Spark plug will run you a few dollars. The spark unit is about 100 bucks. Genuine Paslode.
http://itwconstructionparts.com/pas...rdless-16-gauge-angled-finish-nailer.html?p=1


----------



## pappagor (Jan 29, 2008)

now you know not to buy and depend on a paslode :clap:


----------



## dale rex (Jun 10, 2012)

actually its been a very dependable gun over the years. And its soooooooo nice to not have hoses all knotted up on the floor in small rooms and up on extension ladders. The one slight downside is the noise they make when using them inside a house and the gas smell. I got used to it and still think they are worth the trouble. :thumbsup:


----------



## dale rex (Jun 10, 2012)

loneframer said:


> Spark plug will run you a few dollars. The spark unit is about 100 bucks. Genuine Paslode.
> http://itwconstructionparts.com/pas...rdless-16-gauge-angled-finish-nailer.html?p=1


is there any way to test the spark unit to determine whether its bad?
I always try to do my own repairs on tools and equipment, but sometimes its worth it to take it to an expert.


----------



## Tom Struble (Mar 2, 2007)

it could be the lead for the head switch,pull it then re connect it

how far did you tear the gun down?have you pulled the combustion chamber out?


----------



## dale rex (Jun 10, 2012)

Tom Struble said:


> it could be the lead for the head switch,pull it then re connect it
> 
> how far did you tear the gun down?have you pulled the combustion chamber out?


I have it far enough apart to do the typical cleaning, the handle is off the cylinder head. Im thinking its the head switch malfunctioning too. The wires look a bit pinched in the front of the switch too.


----------



## loneframer (Feb 13, 2009)

I know you don't want to be touching the spark plug when you test fire it for spark.:no: I think I saw lightning shoot out my buddies elbow when he did that one time.:laughing:


----------



## Tom Struble (Mar 2, 2007)

dale rex said:


> I have it far enough apart to do the typical cleaning, the handle is off the cylinder head. Im thinking its the head switch malfunctioning too. The wires look a bit pinched in the front of the switch too.

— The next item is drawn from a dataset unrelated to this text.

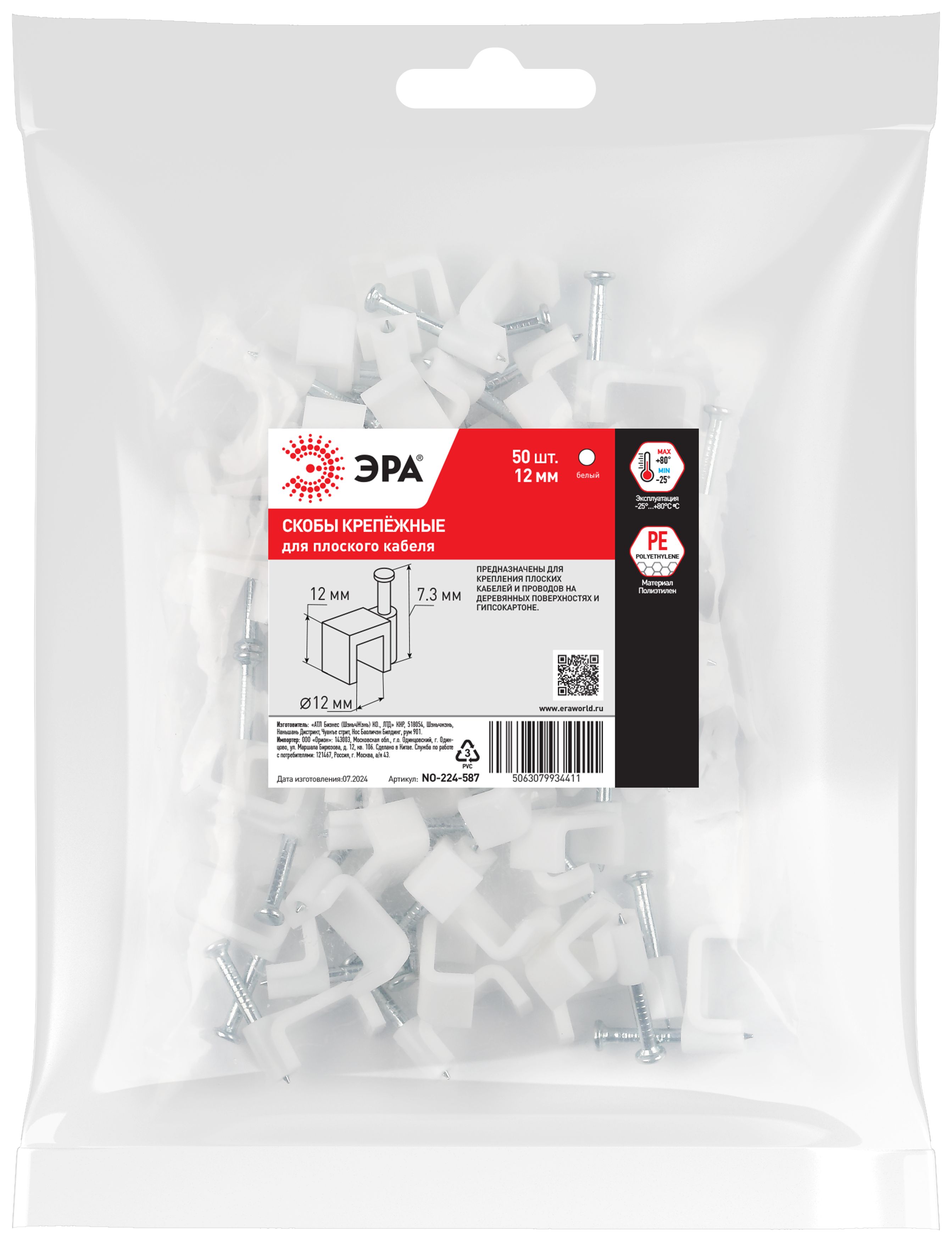 Название производителя: Скоба пластиковая ЭРА NO-224-587 крепежная плоская 12 мм белая (50 шт/уп)

if you look under that black gasket between the housing and chamber there is a ring retainer with a notch in it,the notch must not fall under the head switch probe it needs to contact the flat of the ring


----------



## music9704 (Nov 4, 2009)

I know this is an old posting, but I'm having the same problem. I figured out that if the head switch is depressed the plug should spark each time the trigger is pulled. So I'm guessing the head switch activates the fan as well as acts as the safety. After mine quit firing, I cleaned it and tried to find the problem. Not sure what i did, but I see that it's now firing, however I broke a gasket. I'll replace the gasket to see if it it works. Just wanted to post about the head switch being the safety. It took me a while to figure that out.


----------